Austausch und Zusammenarbeit braucht es aber auch mit den weiteren Berufsgruppen: Wenn die Schulräumlichkeiten auch durch die Betreuung genutzt werden, wirkt sich das auf die Arbeitszeiten der Hauswarte und des Reinigungspersonals aus. Auch die (wünschenswerte) Nutzung der Pausenflächen, Turnhallen oder Werkräume braucht Absprachen und Klärung nicht nur zwischen Lehrkräften und Betreuung, sondern auch mit dem technischen Dienst. Die Mehrarbeit, welche so für den Hausdienst entsteht, muss berücksichtigt und honoriert werden, je nach Umfang auch mit Aufstockung der Stellen.

Wenn Klassenzimmer mehrfach genutzt werden, braucht es ebenfalls Absprachen und feste Gefässe für den Austausch zwischen Lehrkräften und Betreuung. Wenn die Betreuung ausserhalb des Schulhauses stattfindet, muss geregelt sein, wer die Verantwortung für Schulwege und gegebenenfalls Begleitung hat.

Schliesslich ist auch immer wieder von der Zusammenarbeit mit Drittanbietern die Rede – Musikschulen, Sportvereinen, Jugendzentren. Grundsätzlich ist es sinnvoll, gerade bei älteren Kindern, diese Angebote in der Tagesschule mitzudenken und sie einzubinden. Aber es braucht klare Abmachungen und Verträge mit den Anbietern, welche den Rahmen und wiederum die Verantwortlichkeiten regeln.

 

Verdichtung

Tagesschulen und Tagesbetreuung sind ein Erfolgsmodell. Wo immer sie verlässlich und bezahlbar angeboten werden, steigt die Nachfrage der Eltern steil an und wirft schnell mal die Budgetplanung der Gemeinden über den Haufen. Statt mehr zu investieren und die notwendige Qualitätsentwicklung voranzutreiben, führt das an den meisten Orten zur «Verdichtung»: Mit den gleichen Mitteln sollen mehr Kinder betreut werden.
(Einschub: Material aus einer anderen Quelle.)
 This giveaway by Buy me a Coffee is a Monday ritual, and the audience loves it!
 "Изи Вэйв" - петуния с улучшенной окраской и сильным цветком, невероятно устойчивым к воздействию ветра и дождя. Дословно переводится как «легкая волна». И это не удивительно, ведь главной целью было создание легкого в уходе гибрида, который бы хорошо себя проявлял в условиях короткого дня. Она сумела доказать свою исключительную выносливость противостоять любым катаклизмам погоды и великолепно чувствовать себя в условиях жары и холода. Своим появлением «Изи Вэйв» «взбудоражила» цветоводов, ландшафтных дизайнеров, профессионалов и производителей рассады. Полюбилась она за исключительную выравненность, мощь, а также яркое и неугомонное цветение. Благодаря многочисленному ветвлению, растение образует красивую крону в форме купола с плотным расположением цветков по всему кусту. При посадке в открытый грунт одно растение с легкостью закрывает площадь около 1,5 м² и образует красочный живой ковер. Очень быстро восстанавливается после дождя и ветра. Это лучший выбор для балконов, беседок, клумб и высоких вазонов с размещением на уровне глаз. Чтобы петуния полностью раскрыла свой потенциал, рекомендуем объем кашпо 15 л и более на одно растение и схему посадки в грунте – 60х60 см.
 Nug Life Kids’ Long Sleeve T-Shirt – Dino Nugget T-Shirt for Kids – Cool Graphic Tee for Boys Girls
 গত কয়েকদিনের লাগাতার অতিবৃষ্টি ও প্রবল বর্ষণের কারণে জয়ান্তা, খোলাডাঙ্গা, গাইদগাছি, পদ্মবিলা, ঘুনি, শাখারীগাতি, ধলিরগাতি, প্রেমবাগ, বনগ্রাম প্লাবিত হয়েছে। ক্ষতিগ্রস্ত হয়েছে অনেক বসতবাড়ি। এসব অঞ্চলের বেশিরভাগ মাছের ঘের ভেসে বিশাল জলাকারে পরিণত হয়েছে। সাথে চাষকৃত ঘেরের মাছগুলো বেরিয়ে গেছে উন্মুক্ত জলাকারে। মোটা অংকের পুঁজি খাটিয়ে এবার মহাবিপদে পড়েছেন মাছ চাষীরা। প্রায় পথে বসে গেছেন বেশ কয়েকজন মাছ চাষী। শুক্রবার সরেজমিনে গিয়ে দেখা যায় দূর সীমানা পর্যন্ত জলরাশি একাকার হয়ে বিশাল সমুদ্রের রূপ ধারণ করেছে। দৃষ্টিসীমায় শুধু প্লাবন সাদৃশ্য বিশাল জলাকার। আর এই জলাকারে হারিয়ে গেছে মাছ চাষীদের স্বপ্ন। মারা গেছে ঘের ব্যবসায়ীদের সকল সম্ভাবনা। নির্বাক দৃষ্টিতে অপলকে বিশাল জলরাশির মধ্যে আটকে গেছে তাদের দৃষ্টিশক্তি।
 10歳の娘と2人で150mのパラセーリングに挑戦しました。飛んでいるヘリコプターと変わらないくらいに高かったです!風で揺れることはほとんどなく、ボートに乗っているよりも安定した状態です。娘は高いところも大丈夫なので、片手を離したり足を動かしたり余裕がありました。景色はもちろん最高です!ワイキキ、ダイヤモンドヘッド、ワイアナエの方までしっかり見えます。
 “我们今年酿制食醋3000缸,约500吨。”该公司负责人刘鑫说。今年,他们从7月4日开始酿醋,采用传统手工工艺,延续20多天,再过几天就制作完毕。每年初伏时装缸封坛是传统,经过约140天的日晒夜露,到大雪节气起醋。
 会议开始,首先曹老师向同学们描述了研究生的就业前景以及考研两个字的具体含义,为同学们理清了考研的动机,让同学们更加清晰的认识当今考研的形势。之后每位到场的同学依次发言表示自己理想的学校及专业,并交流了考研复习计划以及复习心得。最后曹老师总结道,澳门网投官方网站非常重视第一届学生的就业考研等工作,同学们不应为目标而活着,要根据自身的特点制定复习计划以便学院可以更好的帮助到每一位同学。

Die Folgen: mehr Kinder pro Betreuerin, weniger Platz und weniger Rückzugsmöglichkeiten für die Kinder, weniger Zeit für die einzelnen Kinder, Zwei-Schichten-Betrieb beim Mittagessen, mehr Lärm, weniger ausgebildetes Personal.

Man könnte meinen, es gebe keine Erkenntnisse dazu, was pädagogisch nützlich und sinnvoll ist, welche Rahmenbedingungen förderlich für Kinder sind und was es braucht, damit sinnvolle Beziehungen zwischen Kindern und ihrer Betreuung entstehen. Die Erkenntnisse gibt es (wie auch die Beiträge in diesem Heft zeigen), aber sie fliessen in die Planung zu wenig ein. Nach wie vor gibt es in keinem Kanton und in keiner Gemeinde pädagogisch begründete Stellenschlüssel – Bildung und Förderung der Kinder werden als Mitnahme-Effekt angesehen, der gratis dazu kommt, wenn man den Kindern ein Mittagessen gibt. Das ist natürlich Unsinn, wird aber trotzdem so gehandhabt. Leidtragende sind die Kinder und das Personal.
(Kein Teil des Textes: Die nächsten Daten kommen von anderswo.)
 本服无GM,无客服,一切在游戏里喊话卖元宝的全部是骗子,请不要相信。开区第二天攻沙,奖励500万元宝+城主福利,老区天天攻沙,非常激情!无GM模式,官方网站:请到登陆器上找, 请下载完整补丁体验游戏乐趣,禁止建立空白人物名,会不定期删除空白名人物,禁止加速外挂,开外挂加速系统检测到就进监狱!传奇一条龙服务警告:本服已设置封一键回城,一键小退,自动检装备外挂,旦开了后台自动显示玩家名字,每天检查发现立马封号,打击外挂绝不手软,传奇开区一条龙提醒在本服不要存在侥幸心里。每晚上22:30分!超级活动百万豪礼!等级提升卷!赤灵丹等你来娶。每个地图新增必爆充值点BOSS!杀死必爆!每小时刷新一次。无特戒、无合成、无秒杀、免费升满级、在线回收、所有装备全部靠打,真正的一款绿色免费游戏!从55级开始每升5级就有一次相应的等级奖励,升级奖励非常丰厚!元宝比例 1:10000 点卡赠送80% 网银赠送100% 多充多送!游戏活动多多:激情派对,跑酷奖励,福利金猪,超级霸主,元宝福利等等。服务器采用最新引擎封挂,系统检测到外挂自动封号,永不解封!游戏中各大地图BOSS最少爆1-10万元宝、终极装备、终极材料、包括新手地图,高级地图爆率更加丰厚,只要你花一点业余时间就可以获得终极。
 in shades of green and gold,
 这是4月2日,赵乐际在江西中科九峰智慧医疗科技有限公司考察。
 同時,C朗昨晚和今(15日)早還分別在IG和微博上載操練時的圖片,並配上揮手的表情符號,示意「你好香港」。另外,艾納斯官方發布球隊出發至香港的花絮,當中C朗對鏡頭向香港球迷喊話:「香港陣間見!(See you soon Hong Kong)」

Tagesschulen sind wichtig, notwendig, kinder- und familienfreundlich und sie haben ein enormes Potential – aber nur, wenn das Personal nicht auf der Strecke bleibt!

Christine Flitner ist VPOD-Zentralsekretärin und  Präsidentin des Vereins «Bildung und Betreuung Schweiz».

*  Das Originalgedicht von Bertolt Brecht «Fragen eines lesenden Arbeiters» können wir hier leider nicht abdrucken, aber es findet sich im Internet und verdient es, (mal wieder) gelesen zu werden.